If by perfect bass you mean
extremely loose, smeary, diffuse midbass that's only heard and never felt, then sure...
It is
you that is the
audiophool child. Happy Halloween
I know what I heard. The measurements prove it. You all just can't accept that your headphone isn't perfect. If you love it and enjoy its sound then that's your prerogative, more power to you. That doesn't change the fact that it's objectively worse than something else, and the HD800 falls short in the areas I mentioned,
especially bass. The rolloff starts too early and it's too loose and uncontrolled compared to other headphones near its pricerange. Tyll's measurements prove this.
The HD800 has a good sense of space and an impossibly huge soundstage. It is also diffuse and slightly smeary. I could not pinpoint exactly where an instrument was coming from with the HD800 whereas with some of my other headphones, I could. This is also proven by Tyll's measurements.
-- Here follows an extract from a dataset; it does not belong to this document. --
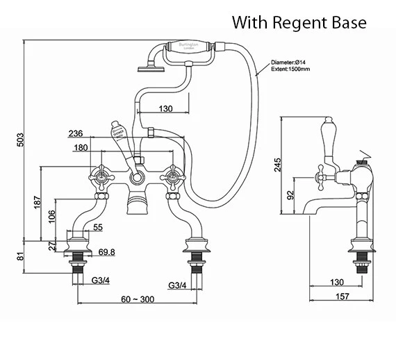 Burlington Deck Mounted Traditional Bath Shower Mixer Tap With Claremont Handles is full of pleasant surprises. Made of brass ingots and chrome-plated to perfection, it will put a sparkle into your bathroom. Deck-mounted for convenience, this tap comes with a standard cradle, S adjuster, ceramic diverter, hose, and telephone handset.

Do not try to pin it on the gear I used because I used a known good amp pairing and a very transparent, revealing DAC. I'm not trying to insult anyone here by talking down the HD800. I'm just stating objective fact. My goal is not to make enemies, it's just frustrating seeing 8 zillion people say that the HD800 is the best at everything ever when that most certainly is not the case, especially not when talking about bass.
I'm done here.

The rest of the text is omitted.